Going through the code

Let’s have a look at the geometry.py file.

rotate_vector function

Rotates a 3D vectors based on the orientation of the quaternions.

import math

import numpy as np
import quaternion


def rotate_vector(input, orientation):
    """
    Rotate 3D vectors with quaternions.
    :param input: Nx3 array containing N 3D vectors.
    :param orientation: Nx4 array containing N quaternions.
    :return: Nx3 array containing rotated vectors.
    """
    output = np.empty(input.shape, dtype=float)
    for i in range(input.shape[0]):
        q = quaternion.quaternion(*orientation[i])
        output[i] = (q * quaternion.quaternion(1.0, *input[i]) * q.conj()).vec
    return output

Obtaining the Rotation matrix from the two vectors.


def rotation_matrix_from_two_vectors(v1, v2):
    """
    Compute 3x3 rotation matrix between two vectors using Rodrigues rotation formula. Two vectors need not be
    normalized.
    https://en.wikipedia.org/wiki/Rodrigues%27_rotation_formula
    
    :param v1: starting vector
    :param v2: ending vector
    :return 3x3 rotation matrix
    """
    v1 /= np.linalg.norm(v1)
    v2 /= np.linalg.norm(v2)
    theta = np.dot(v1, v2)
    if theta == 1:
        return np.identity(3)
    if theta == -1:
        raise ValueError
    k = np.cross(v1, v2)
    k /= np.linalg.norm(k)
    K = np.matrix([[0, -k[2], k[1]], [k[2], 0, -k[0]], [-k[1], k[0], 0]])
    return np.identity(3) + math.sqrt(1 - theta * theta) * K + np.dot((1 - theta) * K * K, v1)

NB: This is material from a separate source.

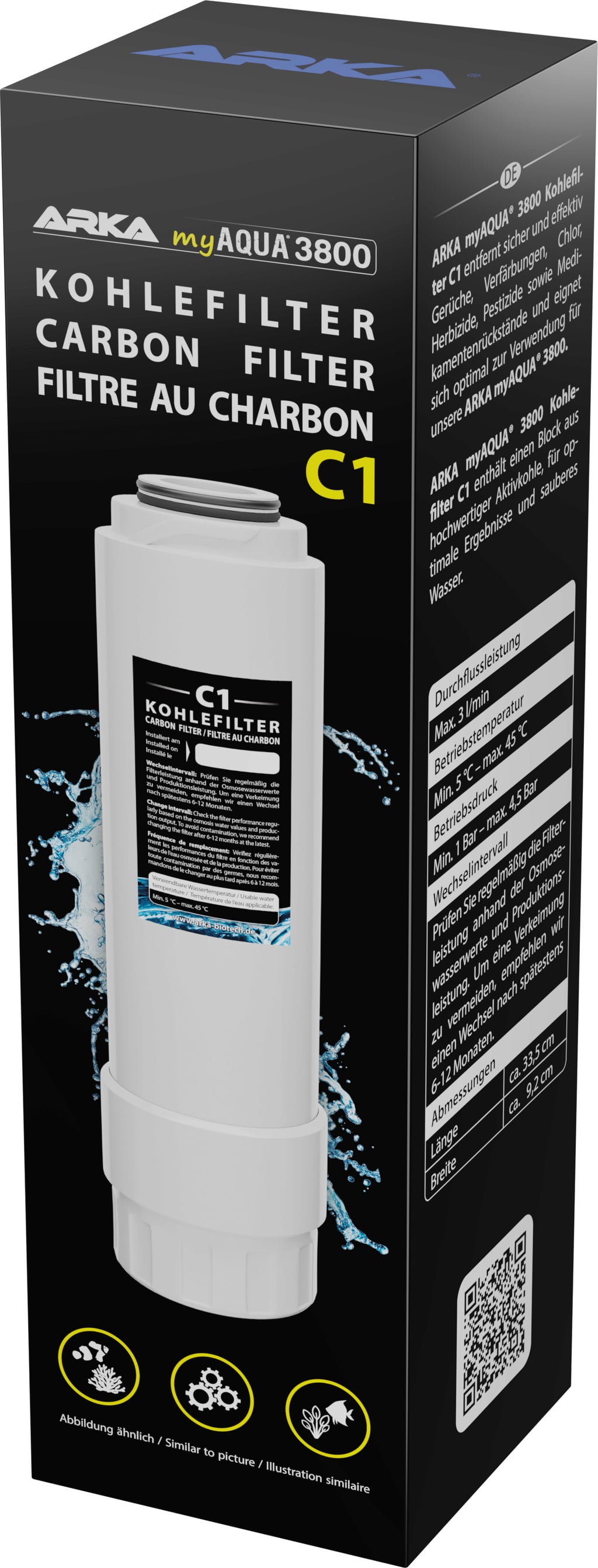 ARKA myAQUA® 3800 FILTR WĘGLOWY C1 to jeden z czterech filtrów zamiennych do systemu odwróconej osmozy myAqua 3800® firmy ARKA. Blok wysokiej jakości węgla aktywnego zapewnia czystą wodę.

Details of the SVM that RIDI uses

The type of SVM is SVN_C_SVC that is C-Support Vector Classification. For an n-class classification($n \geqslant 2$) allows an imperfect seperation of classes with penalty multiplier C for outliers.

For this type of SVM, training involves the minimization of the error function: \(\frac{1}{2} w^T w + C\sum_{i=1}^{i=N} \xi_{i}\)

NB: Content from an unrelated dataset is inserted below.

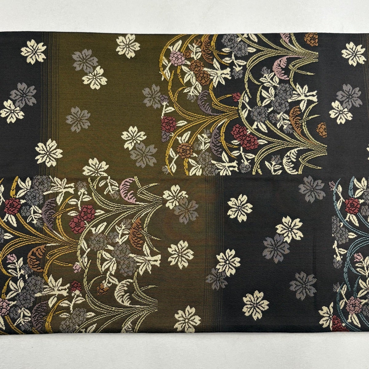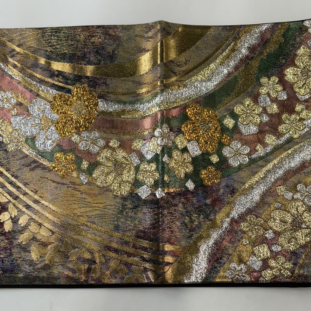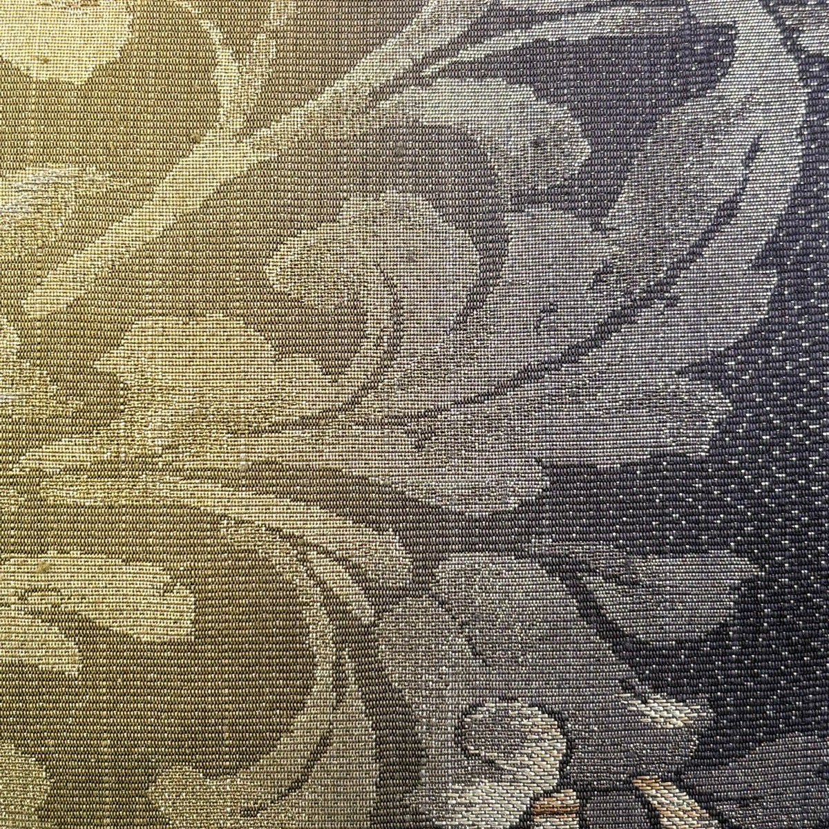 【美品】 袋帯 秀品 草花 金通し ぼかし 茶緑色 六通 正絹

subject to the constraints: \(y_{i}(w^T\phi(x_{i})+b) \geqslant 1 -\xi_{i} \textrm{ and } \xi_{i} \geqslant 0, i=1,2,3...N\)

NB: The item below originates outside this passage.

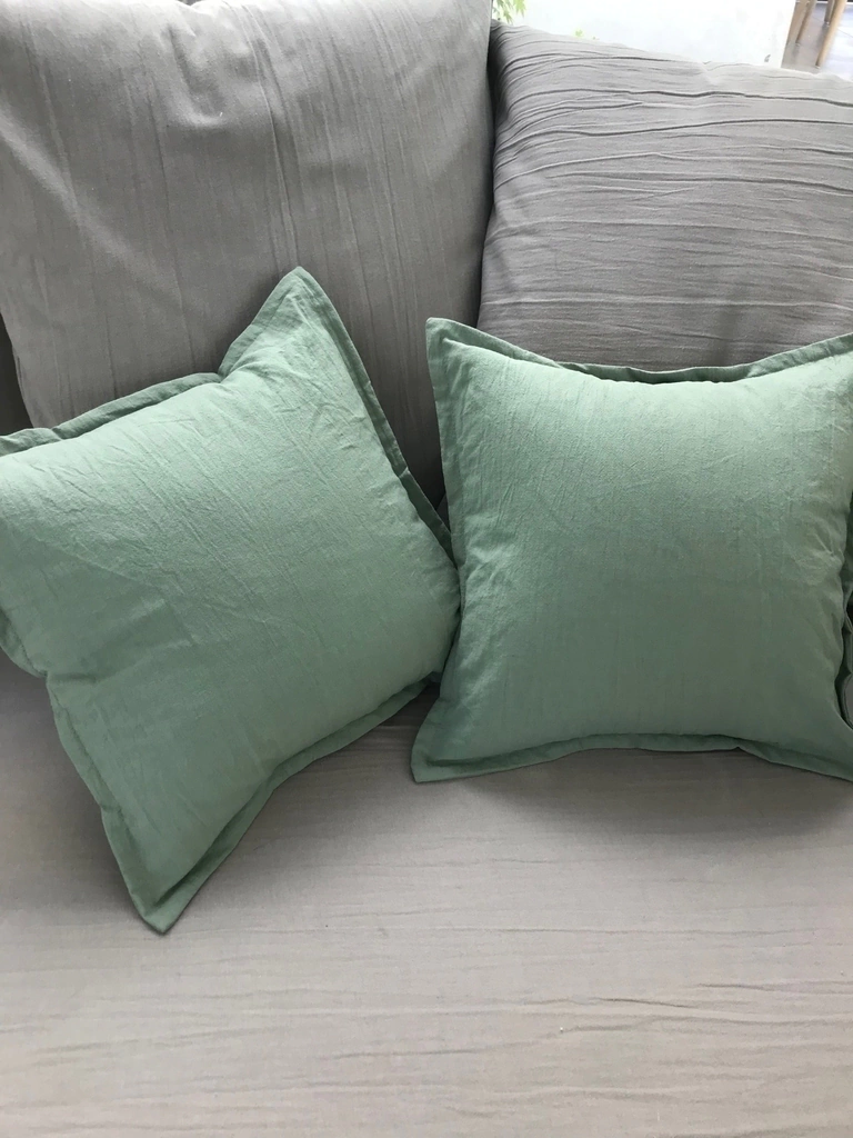 Almohadón con funda confeccionada en tusor y relleno de vellón siliconado.

where C is the capacity constant, w is the vector of coefficients, b is a constant, and represents parameters for handling nonseparable data (inputs). The index i labels the N training cases. Note that represents the class labels and xi represents the independent variables. The kernel is used to transform data from the input (independent) to the feature space. It should be noted that the larger the C, the more the error is penalized. Thus, C should be chosen with care to avoid over fitting.

The above is a fshionable code snippet!